C. P.: Essa iniciativa de cunho mais individual não é a solução. Então qual seria a solução?
L. F.: Essa análise política de qual é o lugar nas políticas de memória desse profissional. Acho que é uma reflexão sobre a sua técnica: estar a serviço do que? Que outros graus de liberdade decisória ele poderia ter? E que política de memória é essa que ele está trabalhando? Que saímos refletidamente do monopólio da cultura erudita, para agora a cultura ou informação empresarial, sem jamais ter passado por uma ampliação real da base dessa memória que trabalhamos e não é á toa.
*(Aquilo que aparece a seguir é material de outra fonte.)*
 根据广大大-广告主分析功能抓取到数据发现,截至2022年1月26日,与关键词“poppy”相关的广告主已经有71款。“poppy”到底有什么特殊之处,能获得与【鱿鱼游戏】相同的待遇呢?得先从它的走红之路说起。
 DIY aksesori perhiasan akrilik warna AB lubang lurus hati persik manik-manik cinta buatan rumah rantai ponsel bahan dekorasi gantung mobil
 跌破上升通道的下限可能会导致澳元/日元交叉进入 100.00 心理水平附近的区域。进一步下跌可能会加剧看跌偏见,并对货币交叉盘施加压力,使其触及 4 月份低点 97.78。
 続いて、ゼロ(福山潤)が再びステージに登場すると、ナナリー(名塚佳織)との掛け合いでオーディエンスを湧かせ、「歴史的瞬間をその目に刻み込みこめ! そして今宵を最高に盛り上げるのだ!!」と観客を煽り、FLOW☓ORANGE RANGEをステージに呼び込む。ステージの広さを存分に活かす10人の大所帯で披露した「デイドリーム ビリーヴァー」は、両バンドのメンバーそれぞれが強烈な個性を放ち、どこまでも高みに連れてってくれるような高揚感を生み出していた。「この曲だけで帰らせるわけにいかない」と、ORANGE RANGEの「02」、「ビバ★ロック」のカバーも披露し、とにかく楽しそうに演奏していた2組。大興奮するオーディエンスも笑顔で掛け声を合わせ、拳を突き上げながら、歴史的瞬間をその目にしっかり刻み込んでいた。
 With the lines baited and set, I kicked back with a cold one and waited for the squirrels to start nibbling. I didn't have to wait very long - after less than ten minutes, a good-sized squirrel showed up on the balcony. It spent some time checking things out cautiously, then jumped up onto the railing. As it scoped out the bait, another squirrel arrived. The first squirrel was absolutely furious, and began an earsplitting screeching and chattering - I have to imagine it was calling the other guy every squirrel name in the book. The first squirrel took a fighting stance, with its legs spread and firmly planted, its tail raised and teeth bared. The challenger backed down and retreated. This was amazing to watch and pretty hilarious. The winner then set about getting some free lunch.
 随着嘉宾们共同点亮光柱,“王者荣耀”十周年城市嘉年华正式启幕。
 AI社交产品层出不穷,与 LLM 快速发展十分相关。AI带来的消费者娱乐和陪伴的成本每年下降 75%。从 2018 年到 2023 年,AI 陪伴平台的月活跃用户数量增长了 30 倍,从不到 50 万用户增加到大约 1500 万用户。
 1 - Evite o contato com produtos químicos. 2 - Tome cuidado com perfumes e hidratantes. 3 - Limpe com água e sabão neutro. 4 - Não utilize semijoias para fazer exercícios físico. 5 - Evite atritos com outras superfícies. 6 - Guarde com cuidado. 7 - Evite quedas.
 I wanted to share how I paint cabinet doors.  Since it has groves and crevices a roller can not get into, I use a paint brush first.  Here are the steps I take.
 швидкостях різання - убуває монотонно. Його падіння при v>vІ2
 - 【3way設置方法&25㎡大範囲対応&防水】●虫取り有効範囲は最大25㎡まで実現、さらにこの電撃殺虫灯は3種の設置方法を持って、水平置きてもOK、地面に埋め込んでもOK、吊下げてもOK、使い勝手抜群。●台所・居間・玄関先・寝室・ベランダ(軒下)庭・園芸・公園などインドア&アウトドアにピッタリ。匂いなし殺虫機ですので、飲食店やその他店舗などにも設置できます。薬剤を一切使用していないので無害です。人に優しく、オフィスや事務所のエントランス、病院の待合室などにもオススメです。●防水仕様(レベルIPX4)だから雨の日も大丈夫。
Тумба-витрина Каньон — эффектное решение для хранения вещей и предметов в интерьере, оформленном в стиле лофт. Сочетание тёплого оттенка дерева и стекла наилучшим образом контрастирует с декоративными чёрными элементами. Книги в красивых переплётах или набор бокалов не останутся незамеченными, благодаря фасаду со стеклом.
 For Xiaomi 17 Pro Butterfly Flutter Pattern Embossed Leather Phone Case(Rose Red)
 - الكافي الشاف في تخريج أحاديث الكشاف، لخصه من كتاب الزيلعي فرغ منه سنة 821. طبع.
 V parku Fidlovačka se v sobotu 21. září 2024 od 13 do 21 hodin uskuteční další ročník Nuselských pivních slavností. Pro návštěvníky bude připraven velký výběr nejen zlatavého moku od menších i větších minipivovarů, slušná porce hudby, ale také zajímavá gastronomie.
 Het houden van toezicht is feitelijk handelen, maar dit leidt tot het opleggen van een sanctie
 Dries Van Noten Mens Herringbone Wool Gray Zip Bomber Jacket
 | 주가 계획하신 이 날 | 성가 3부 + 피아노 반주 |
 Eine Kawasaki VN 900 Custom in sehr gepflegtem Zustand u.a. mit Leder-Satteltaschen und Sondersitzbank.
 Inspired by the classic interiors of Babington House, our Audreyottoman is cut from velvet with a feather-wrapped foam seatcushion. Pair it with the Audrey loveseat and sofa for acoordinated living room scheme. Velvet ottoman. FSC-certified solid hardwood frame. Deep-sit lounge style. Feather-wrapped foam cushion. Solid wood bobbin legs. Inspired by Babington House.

O vizinho não vai saber mesmo e não é para saber.

C. P.: E as instituições? Sobretudo as universidades, elas têm formado os profissionais com uma visão mais crítica ou isso ainda é muito deficiente?
L. F.: Eu temo que ainda não esteja com uma visão crítica. Um ou outro pesquisador, um ou outro professor, que é muito claro no Brasil quem são eles e louvo muito essas iniciativas. Mas o discurso dominante… A minha análise do doutorado e as pesquisas que eu sigo sobre os discursos que dominam nossa área efetivamente são os discursos do apagamento da cultura em geral e o discurso que não acho que vai somar para nossa visibilidade. Acho que vamos acabar ficando com o colarinho cada vez mais azul.

C. P.: Qual a importância dos estudantes terem tomado a iniciativa de discutir essa questão?
L. F.: Achei ótimo. Fico super emocionada. Acho uma homenagem incrível. Os estudantes e alunos nem fazem ideia do diploma que recebi com esse convite. Inclusive acho que esse encontro deveria ter sido mais apoiado pela UFF, porque são os estudantes que podem fazer uma reflexão mais independente e levantar questões que não estão cristalizadas. Eu fico muito emocionada.